Je regarde ça depuis les vitres de mon bureau transparent, et je me dis que j’en n’ai rien à battre de leurs duels dans les couloirs moquettés. S’écarteler, se disloquer à propos de la lumière, du soleil, du temps, etc pour s’apercevoir qu’il suffit de changer l’ampoule. Comme si tout ce que je proposais, devait être par principe remis en question, j’ai l’impression de ne croiser que des antithèses autour de moi. Je laisse glisser l’eau sur la toile cirée, j’explique, je me justifie sans façon, sans entrave, et ça passe.

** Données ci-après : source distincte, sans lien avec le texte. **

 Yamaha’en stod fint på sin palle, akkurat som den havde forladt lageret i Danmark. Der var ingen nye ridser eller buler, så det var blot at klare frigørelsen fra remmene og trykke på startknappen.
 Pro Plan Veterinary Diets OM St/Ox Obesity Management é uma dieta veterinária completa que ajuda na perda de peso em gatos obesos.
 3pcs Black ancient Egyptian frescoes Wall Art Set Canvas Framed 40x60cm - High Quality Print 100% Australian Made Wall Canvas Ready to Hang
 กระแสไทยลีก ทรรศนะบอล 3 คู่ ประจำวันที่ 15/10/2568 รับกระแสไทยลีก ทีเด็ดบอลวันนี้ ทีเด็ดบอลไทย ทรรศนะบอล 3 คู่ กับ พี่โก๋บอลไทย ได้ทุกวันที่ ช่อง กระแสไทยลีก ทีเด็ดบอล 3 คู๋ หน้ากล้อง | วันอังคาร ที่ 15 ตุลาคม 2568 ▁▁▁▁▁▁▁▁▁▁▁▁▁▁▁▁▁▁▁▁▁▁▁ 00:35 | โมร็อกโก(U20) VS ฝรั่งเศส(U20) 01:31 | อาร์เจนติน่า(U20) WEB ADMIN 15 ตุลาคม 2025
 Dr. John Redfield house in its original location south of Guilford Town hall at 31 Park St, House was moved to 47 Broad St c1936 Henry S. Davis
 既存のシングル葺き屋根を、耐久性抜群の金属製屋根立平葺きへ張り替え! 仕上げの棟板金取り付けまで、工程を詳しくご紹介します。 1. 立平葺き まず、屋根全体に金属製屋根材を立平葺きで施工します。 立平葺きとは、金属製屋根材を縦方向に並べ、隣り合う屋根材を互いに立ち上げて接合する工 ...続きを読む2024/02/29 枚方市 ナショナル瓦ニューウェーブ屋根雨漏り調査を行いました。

Je ne suis là que pour un temps pourtant, je me sens fort en ce moment. Je n’ai plus la même ambition, mais je deviens réaliste. C’est terrible. Je ne pardonne plus rien à personne, c’est pire que ça, j’ignore ceux que je n’aime pas. Et aussi, je deviens patient. J’attends qu’il m’arrive quelque chose, quelque chose de bien.
Clara, ma secrétaire, est aussi froide qu’au premier jour. Elle m’énerve toujours autant avec ses petits silences et sa politesse diplomate. Mais je ne peux rien lui dire sinon elle va me flinguer pour harcèlement. L’autre fois aux toilettes, je m’arrête devant la porte, elle dit :
– Mais qu’est-ce que vous faites là ?
Je réponds d’un mouvement d’épaule :
– Qu’est-ce que tu veux que je vienne faire là ? Tu veux des détails techniques ?

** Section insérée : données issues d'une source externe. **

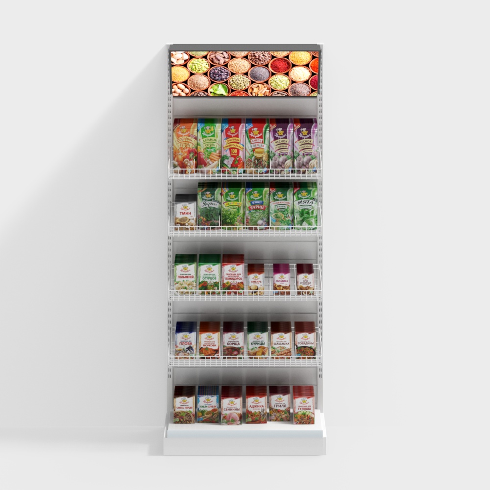 The Stylish Spice Rack 3D model features a gray metal frame with a white base, holding vibrant spices and canned goods. Built with 500 optimized polygons, it fits seamlessly into modern kitchens, gaming scenes, and VR culinary tutorials.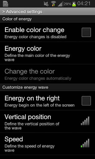 Put a wave of energy in your device! You can choose to customize many features of this wave. When you touch the screen the energy wave increases its speed.

De toute façon, si j’ai bien compris, elle est sur la liste des départs non annoncés. Tant pis pour elle.
Mes supérieurs semblent contents de mes prestations. Il faut dire que je suis protégé par la position de Bloom qui, bien qu’alité depuis des mois, reste très influent dans les décisions du CA, ( sa femme détient 32 % des actifs de la société « COMCO International »). Pourtant même s’il y a du mieux dans l’évolution de son cancer, (je suis allé le voir, il y a deux semaines dans son manoir de Tuxedo Park), il apparaît de plus en plus improbable que Michael Bloom reprendra jamais un jour sa place au sein de l’agence. Du coup, j’ai un statut un peu à part, c’est le statut de ma liberté : je suis seul et je me démerde avec mes problèmes, je n’ai de comptes à rendre qu’à lui et/ou à sa femme que mes histoires ennuient.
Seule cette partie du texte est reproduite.